Metabolite annotation scheme

Results from metabolite feature clustering, class, and chemical structure elucidations were integrated to annotate metabolite peaks. We subsequently assigned each annotation to a category based on levels of supporting evidence. In addition, we classified the categories of metabolite identification in accordance with the Metabolomics Standards Initiative (MSI) recommendations (Supplementary Table 2):78 Category 1: metabolite match to an authentic reference standard; Category 2: metabolite clusters with a known compound which has previously validated with standard (Category 1 and 2 corresponds to MSI Classification 1 as Identified Metabolite); Category 3: metabolite with MS/MS-based GNPS database match (MSI Classification 2: putatively annotated metabolite); Category 4: Metabolite with similar MS/MS spectra and retention time with the representative backbone of chemical standard for a compound in the metabolite family (manual curation) using in-house metabolite library (MSI classification 3: putatively annotated metabolite class). In addition, we add category 5: SIRIUS MS/MS-based chemical formula/compound predictions and Category 6: compound match using m/z search in HMDB, which are not included in the 2007 MSI classification scheme. Primary unknown metabolites with multiple sources of supporting evidence represented high-confidence metabolite annotations and were assigned specific metabolite IDs.

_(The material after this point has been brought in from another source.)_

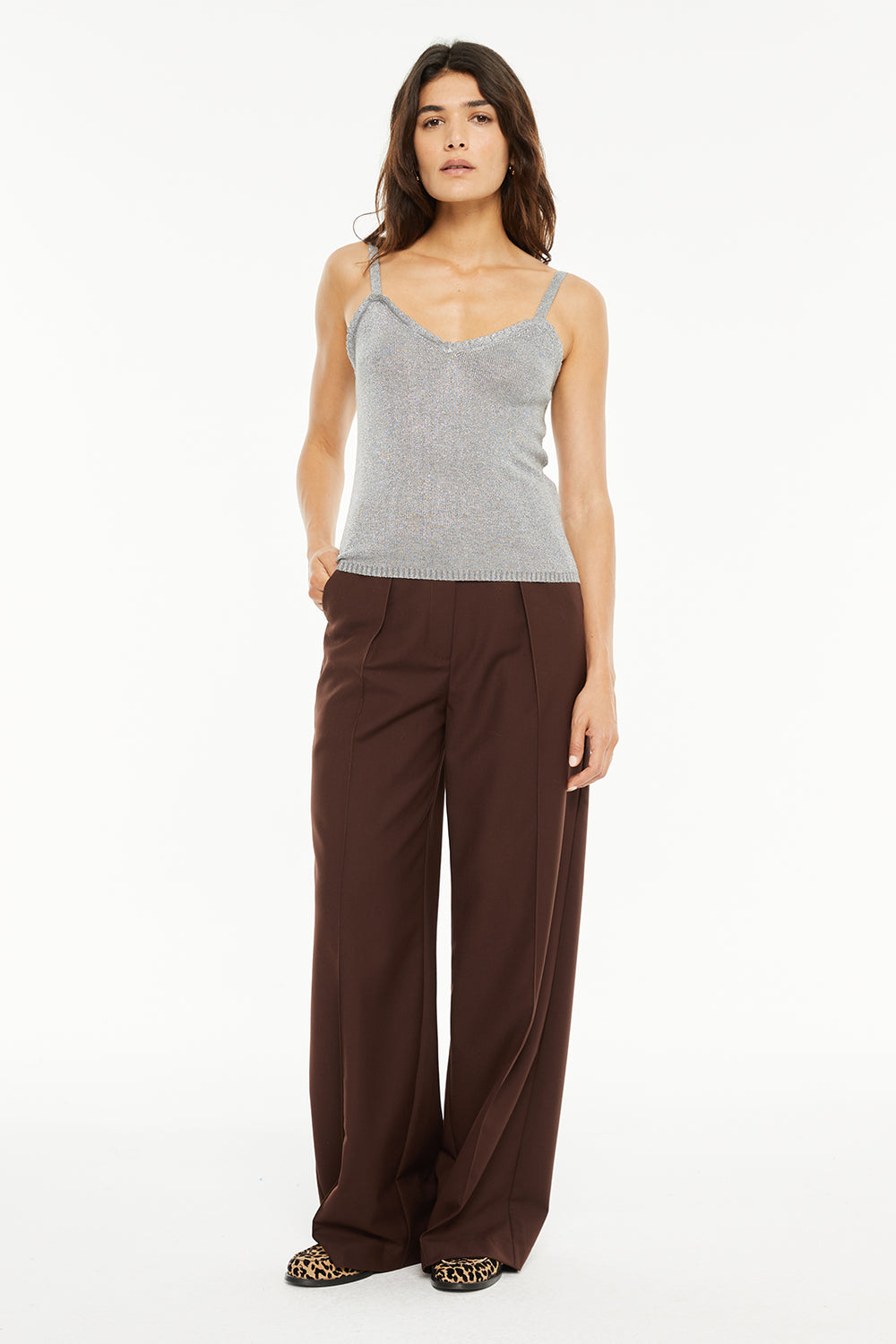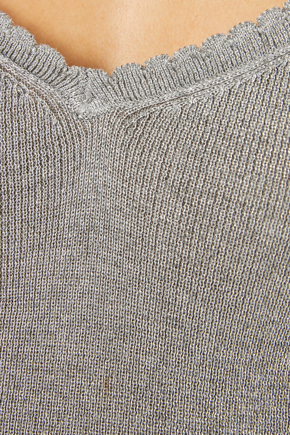 Top en maille avec lurex, façonné à l'encolure et aux emmanchures.

Genomic and metabolite pathway integration

Genetic associations with unknown metabolite peaks can be integrated with MS/MS and bioinformatic metabolite annotations in an effort to further illuminate metabolite identifications and/or offer supporting evidence for predictions based on the known pathways of the locus. Each lead candidate gene (nearest gene to sentinel SNP) was annotated for its associated metabolic pathways using the KEGG database79. Metabolite annotations were evaluated in the context of the metabolic pathways of the candidate gene or its prior GWAS associations to assess whether there was genomic evidence in support of the chemical compound identification.

Reporting summary

Further information on research design is available in the Nature Research Reporting Summary linked to this article.